This is not aimed at any particular person but generally speaking (not always true), if they're treated well and more importantly, paid well, the chances of them staying around is greater. Usually much greater. 

By treated well I mean a lot of contractors have the attitude of 'any ol' electrician can do any ol' thing any ol' time'. This is a sure-fire way to chase off even the best people. 

Each of us has stuff we like and stuff we don't like. Learn what your guys like and try to get jobs accordingly. But don't continually send them to stuff they hate just because it's easy for you to get that type of work. 

For example, I hate, and I mean HATE, resi service work. I really enjoy industrial service work, especially if it involves controls. If I were sent out to houses all the time, I wouldn't last very long. If a resi guy is sent to do industrial, he won't last. 

Further, by paying them a bit more than the standard, you'll keep them longer. Of course, the contractor might not be able to have a vacation home in every state, maybe only 2 or 3 cars instead of 15 new ones every year.......lol. 

My point is that as a contractor, you might need to sacrifice a bit in order to retain good help as opposed to endless hiring and firing and ending up with less $$$. 

Note; the above was written by a guy with 45 years in the trades, the last 29 as an electrician. I've never been a contractor so I don't know what it's like. I could easily be way off........


----------



## Switched (Dec 23, 2012)

@micromind is correct. As contractors in the market we are in, we really do have to up the wages and packages for employees to both retain and attract them.
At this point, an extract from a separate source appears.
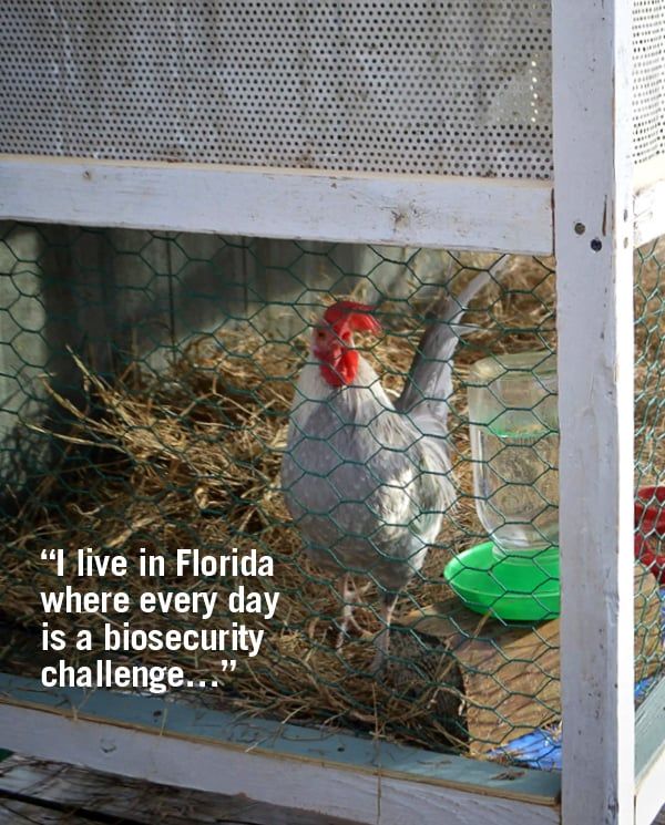 I live in Florida where every day is a biosecurity challenge due to insects! We’re talking insects like two-inch long Palmetto Bugs, mosquitoes, and many species of Darkling Beetles. When I first began chicken-keeping, I (thought) they were to be used at pest control. I found out the hard way that allowing my birds to freely eat insects because “it’s good for them” was a mistake.

Couple that with the fact that the next generation is always a bit different than the previous, so "Business as Usual" never really works. You have to somewhat forget about how it was when you came up, or "This is the way WE do things". 

To attract talent, you need to become attractive. Is your company attractive, or is it simply just another company? What are the types of people you want to hire? What do they want, need and desire from an employer? 

For example, if they are a huge family guy, maybe letting them take off Tuesdays and Thursdays an hour early so they can coach the kids team is what that guy really wants. Or maybe someone really wants an hour lunch so they can swing by the house and see the newborn. 

Benefits don't always cost money, but lack of them always costs money.


----------



## T-Steve (Mar 9, 2017)

This is a good topic, and a difficult matter. I hire maintenance electricians, both experienced and fresh out of school with AS electronics or trade licenses. 

About twenty years ago the success rate with new hires was about 75%. Now it has dropped to about 30%. What changed? I'm not sure.

Here is what I do to check prospects in addition to the interview, resume, etc.:

1. The WALKING SPEED test: I take them on a tour of the factory including several flights of stairs. I try to walk at a brisk pace but not fast. Then I observe the candidate to see how they keep up. If they seem "energized" during the walk and stairs it's a positive. (This isn't a physical fitness test so I adapt and accommodate all ages/body types.)

2. The INTEREST test: During the interview and tour I show them numerous cool things (VFDs, PLCs, huge motors, chemical processors, etc.). I watch if they LOOK WITH INTEREST at the things or ask questions. (Of course I am mindful that different personalities will be more overt with their interest.)

And of course regular interview questions, a brief written quiz, etc.

Candidates that pass the WALKING SPEED and INTEREST tests mostly succeed compared to those who don't pass. Whatever.


----------



## Superman (Mar 19, 2019)

its hard and no one has a single answer that works.keep trying till you find correct people and then....GOOD LUCK!!


----------



## Majewski (Jan 8, 2016)

My last employees are either in jail, prison or their graves.... It's no joke out there.


----------



## tmessner (Apr 1, 2013)

How do you even get them to come out to rural areas to apply? I can't even get a feeler for anyone wanting to come out to the prairie where the wind never quits.


----------



## Switched (Dec 23, 2012)

We started offering hookers and blo as a benefit, things have never been better.


----------



## micromind (Aug 11, 2007)

Switched said:


> We started offering hookers and blo as a benefit, things have never been better.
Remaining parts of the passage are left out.